Twee mensen reageerden goed op deze behandeling, maar het leek de anderen niet te helpen. Toch was het een veelbelovende behandeling. En cognitieve gedragstherapie voor slapeloosheid is een populaire behandelingsoptie.
Helaas is het voorlichten van mensen met een slaapstudie en één-op-één tijd met een slaapexpert een dure en tijdrovende optie waartoe weinigen toegang zullen hebben.
Een studie door Tang en Harvey in 2006 testte ook het idee om een handmatig slaapdagboek te vergelijken met een actigraph-slaaptracker. Zij vonden positieve resultaten met deze techniek, maar nogmaals, het werkte het beste met professionele begeleiding.
Ook al kunnen zowel een slaapdagboek als een slaaptracker gemakkelijk worden verkregen, het zou toewijding namens de patiënt vereisen. En geloof dat de tracker accuraat is – een kwestie die hevig wordt bediscussieerd.
Misschien een meer praktische oplossing voor het individu is om te werken aan onderliggende factoren zoals angst en spanning. Het aanpakken van angst is iets wat iedereen kan proberen, hetzij met professionele hulp of zelfhulp.
Mijn persoonlijke manier om ermee om te gaan
Alleen al meer weten over deze vorm van slapeloosheid heeft me erg geholpen. Net als accepteren dat ik geneigd ben te piekeren en te veel te piekeren.
Enige praktische dingen die ik doe om te helpen zijn:
- Ik heb geen klok in de slaapkamer. Mijn telefoon is mijn wekker, en die zet ik ’s nachts uit, omdat het alarm hem dan weer aanzet.

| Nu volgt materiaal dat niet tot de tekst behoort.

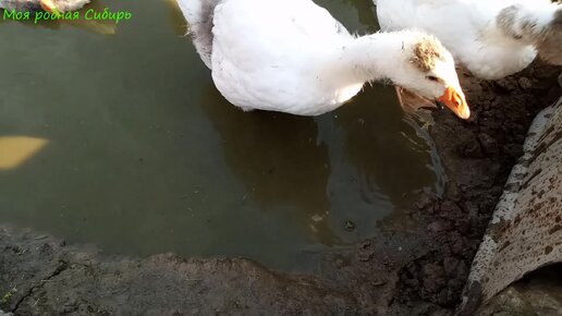 Строим дамбу на пруду. Гуси тут как тут! И кот не отстал от них!
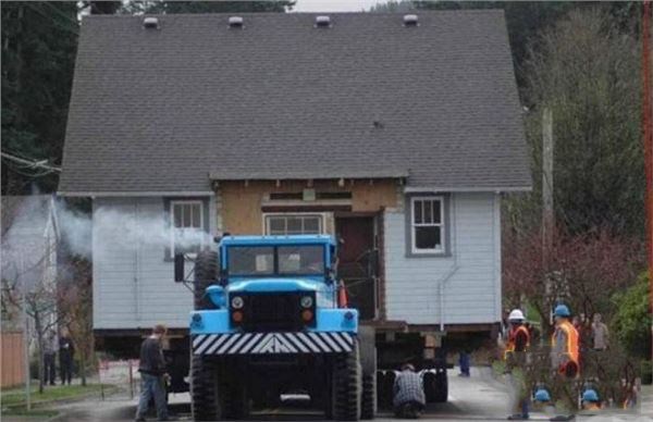 能整栋搬家用汽车运走,这和他们房屋的结构是分不开的。美国人很多房子都是木质结构。搬家的时候,先把东西用木纸箱打包好,然后将房子整栋一次性搬走。
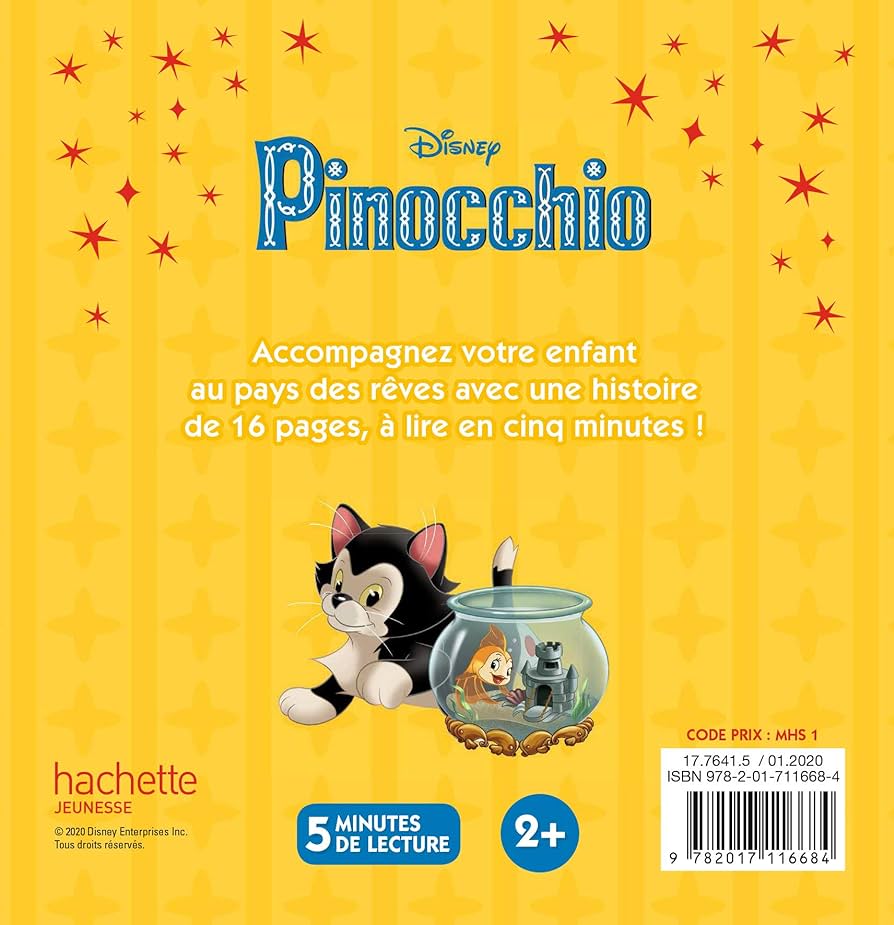 Accompagnez chaque soir votre enfant au pays des rêves avec la collection " Mon histoire du soir " ! Dans cet ouvrage de 16 pages richement illustré, au texte court, facile et rapide à lire, découvrez l'histoire du grand classique Pinocchio. Un texte adapté aux plus petits pour un temps de lecture de 5 minutes. Dès 2 ans. Histoire : Geppetto est un petit artisan qui rêve d'avoir un fils. Un soir il fabrique une marionnette en bois qu'il baptise Pinocchio. A la nuit tombée, la Fée bleue donne vie au pantin. Pinocchio arrivera-t-il à devenir un vrai petit garçon ?
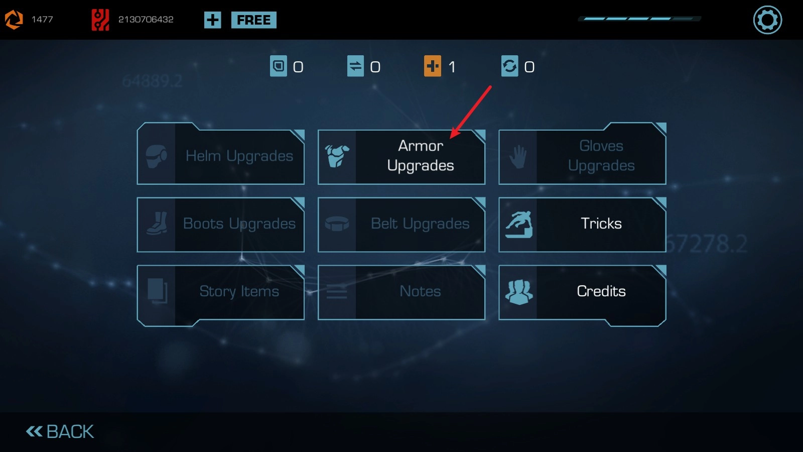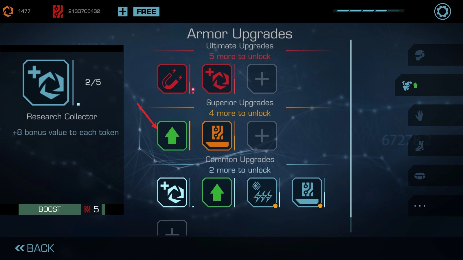 进入里面后,我们就能把刚才获得的部件装备上,还可以花费货币来进行升级。
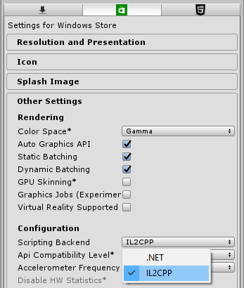 When building for Universal Windows Platform (UWP, formerly known as Windows Store Apps, WSA, or Metro), Bolt requires the use of the IL2CPP scripting backend. To change it, go to Edit > Project Settings > Player, choose the Window Store panel and change the value of the following dropdown:
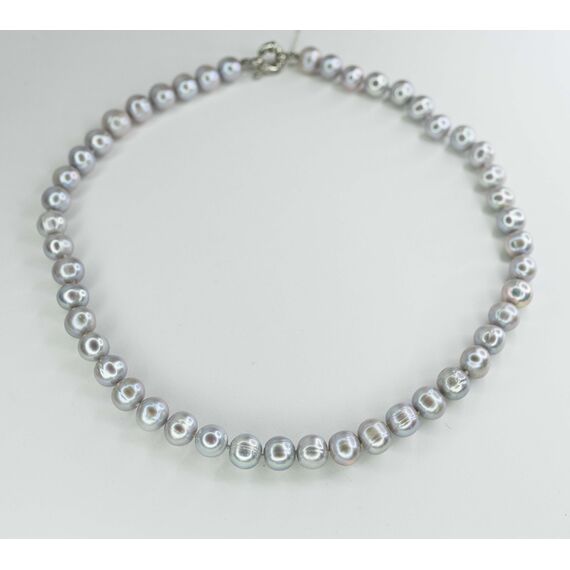 Бусы из природного речного жемчуга почти сферической формы (8мм). Бусины теплых серых оттенков с блеском перламутрового слоя. Длина-45,0см. Замок из гипоаллергенного ювелирного сплава серого цвета- карабин.
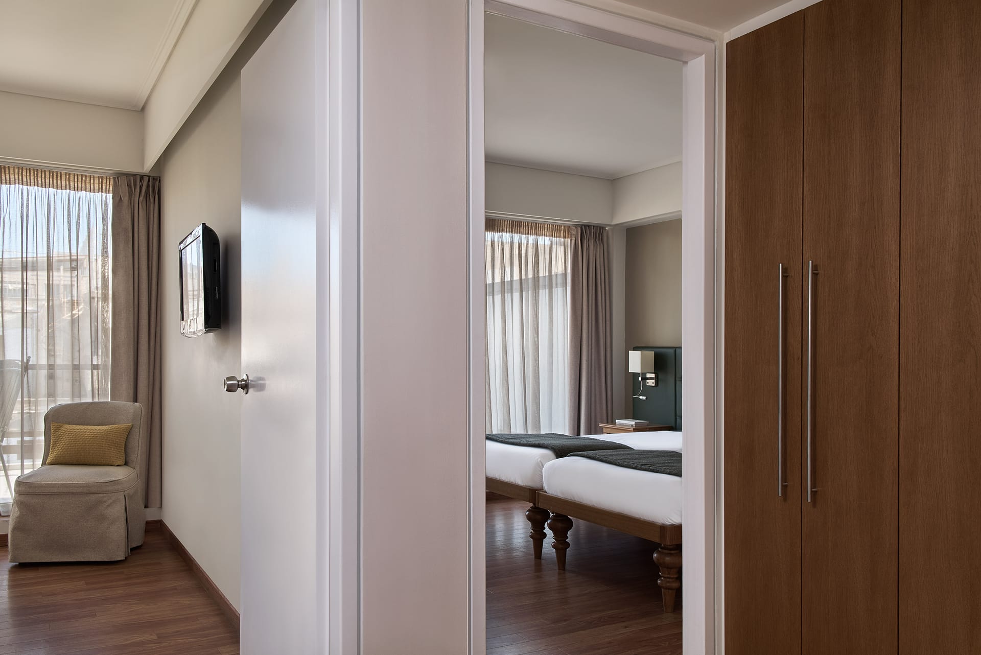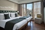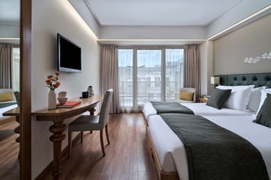 Our Deluxe Family room is the most ideal accommodation when travelling with your family or just a group of friends. The room features an inviting warm interior in earthly and olive green tones with city view and balcony.With two interconnecting rooms with an average total size of 35 square meters, up to 4 full sized beds, sharing a bathroom.They are equipped with sound-proof windows, air conditioning, flat-screen TV, mini-bar (that contains complimentary mineral water upon arrival), in-room safe, slippers, 24-hour room service, high-speed Internet access and complimentary Coffee & Tea facilities. The bathroom features local amenities, towels, W/C, shower, telephone and hairdryer.
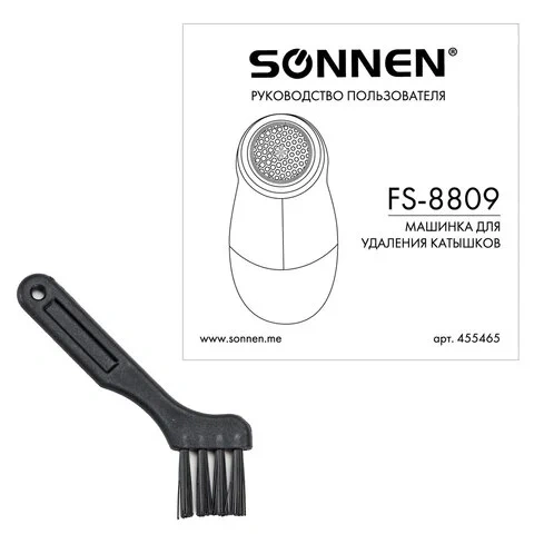 Миниклинер SONNEN FS-8809 бело-голубого цвета сделан из ABS пластика, а лезвия и сетка из нержавеющей стали. Питается прибор от двух AA батареек 1.5V каждая (НЕ В КОМПЛЕКТЕ!). Диаметр рабочей поверхности – 41 мм. Переключатель ON/OFF находится на левой стороне корпуса - удобно держать и переключать одной рукой. Миниклинер оснащен съемным резервуаром для срезанных катышков. Комфортно лежит в руке.
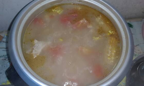 大骨头玉米西红柿炖的汤?
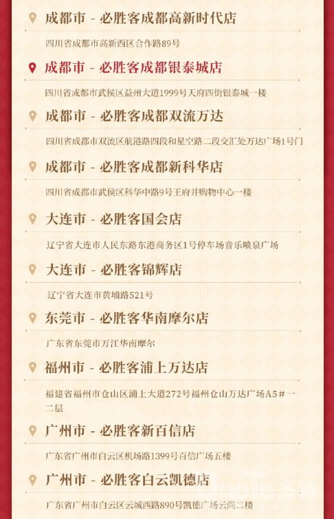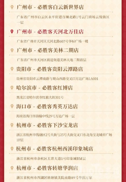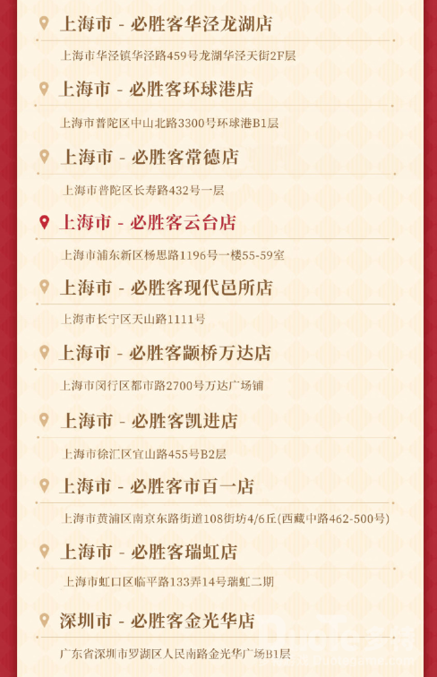 ● 本活动不适用于机场、火车站、高速公路、旅游度假、游乐场、展览馆、ToGo、Express、Les Elites、奥特莱斯、精选餐厅以及必胜客部分特定餐厅。
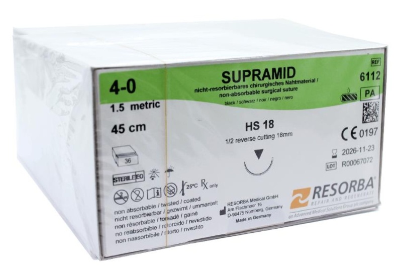 Все описание SupraMid (СупраМид) - это синтетическая нерассасывающаяся монофиламентная нить. Полиамидный материал, произведенный в результате поликонденсации аминокапроновой кислоты.
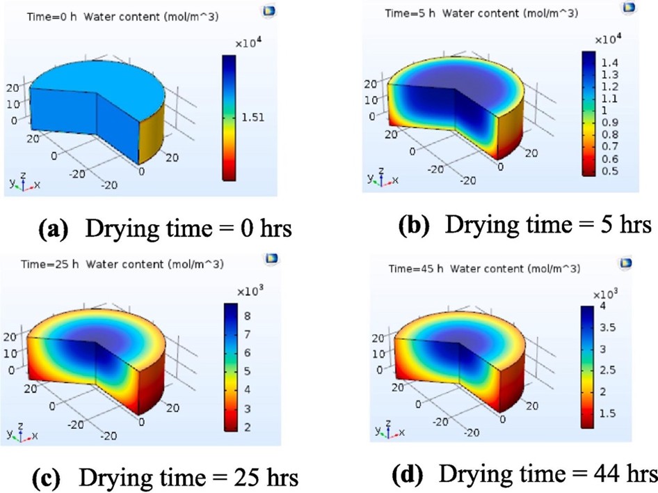 Figura 2. Contenido en agua de las rodajas de tomate calculado en COMSOL Multiphysics® para distintos tiempos de secado.

- Doe ’s morgens niet te veel aandacht aan lichamelijke gevoelens. Ik word vaak wakker met ‘hete ogen’ zoals ik het noem. Ik probeer dit te negeren en het niet te zien als een teken van slecht slapen.
- Ik ben grote inspanningen gaan leveren om stress en angst in mijn leven aan te pakken. Ik beoefen mindfulness meditatie en yoga, ga regelmatig naar de sportschool, eet gezond, praat meer over mijn problemen en doe ’s avonds geen stressvolle dingen.
- Ik beoefen een goede slaaphygiëne, zoals geen cafeïne ’s avonds, heb een consistente bedtijdroutine, zorg voor een comfortabele slaapkamer.
- Als ik het gevoel heb dat ik ’s nachts wakker ben, herinner ik mezelf eraan om er niet over te stressen. Ik doe wat eenvoudige ontspannings-/meditatieoefeningen, en dat helpt meestal.
- Als ik ervan overtuigd ben dat ik slecht heb geslapen, probeer ik mijn dag er niet door te laten beïnvloeden. Ik herinner mezelf eraan dat heel vaak een douche, een goed ontbijt en koffie het wazige gevoel verhelpen als ik voor het eerst wakker word.
Jouw gedachten
Heeft men je verteld dat je paradoxale slapeloosheid hebt? Of is het iets waarvan u vermoedt dat u het heeft? Wat helpt u volgens u om beter te slapen?